Andy and I both wrote AS3 code and MXML markup, but he was mostly focused on the former with me working more on the latter. This meant I programmed more of the framework and UI, while Andy was rocking the math-heavy projections work and all the exporting/imp/svg stuff.
When I joined the company, I immediately set to work refactoring the indiemapper code base to incorporate the MVC framework Mate. Mate, as they say, is “a tag-based, event-driven Flex framework”. I had to use Cairngorm for work a while back, and by comparison Mate is quite lightweight and unobtrusive. There’s much more to say here, but I’ll save that for later.
Though it’s old school what with FXG, I still really like Degrafa, and used it a fair amount for skinning. Aside from Mate, Degrafa, and a few open source Flex components, we pretty much wrote our own little AS3 GIS SDK.
This is just the beginning
Given our platform and development philosophy, we can quickly respond to our users’ needs in a thematic and reference mapping tool.
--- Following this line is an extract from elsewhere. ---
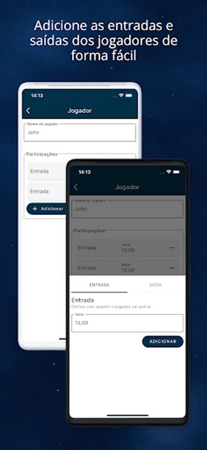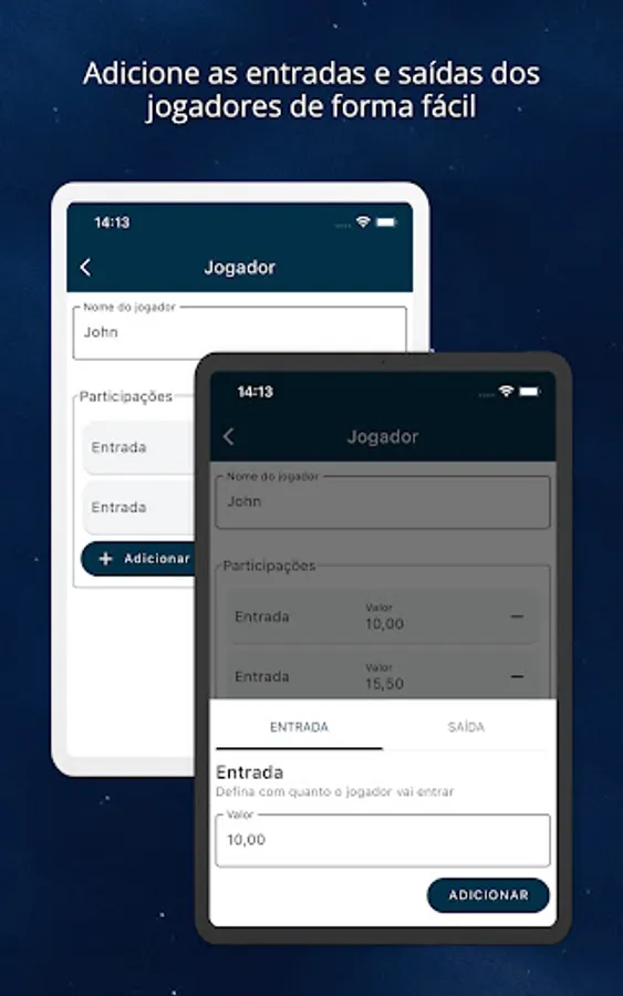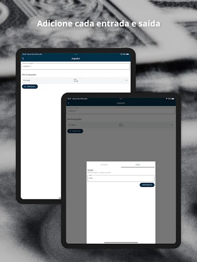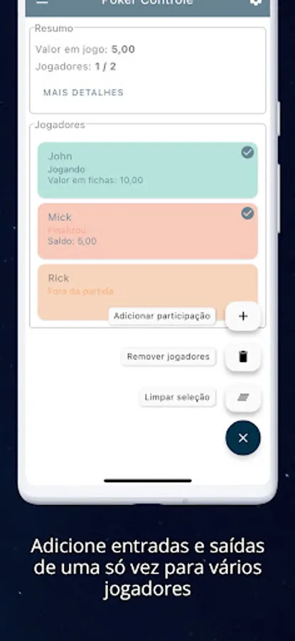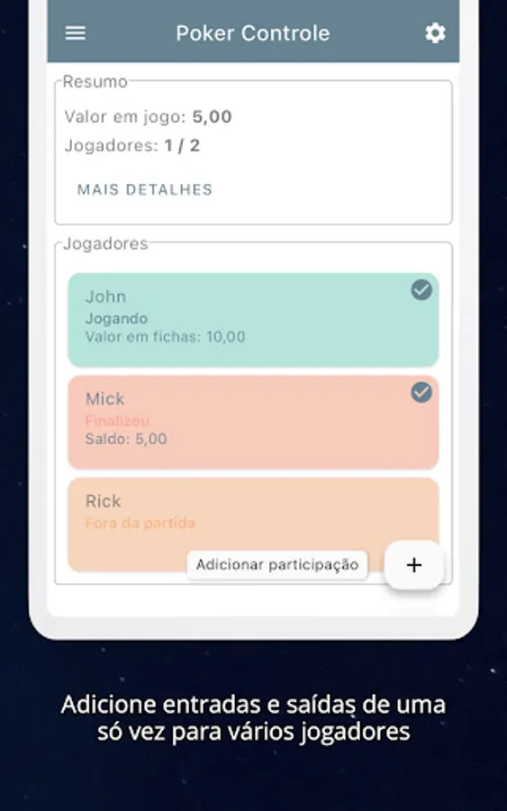 With Poker Controle, recording financial transactions during your Poker games is as easy as playing a Royal Flush. Enter the values of the entries and follow each monetary movement of the players in an intuitive and efficient way.

Please let us know what you want.
I think our first goals are:
- performance improvements so you can load larger geodata files faster
- attribute editing and joining
- more charting options for your data as an aid to classification and symbology selection
- more symbologies, like chorodot and additional cartogram styles
- custom choropleth color schemes and graduated symbol size schemes
- line generalization
But let us know what else you’d like to see. We’ve already been able to respond to a few new feature requests and, oh, maybe one or two bugs in our first week.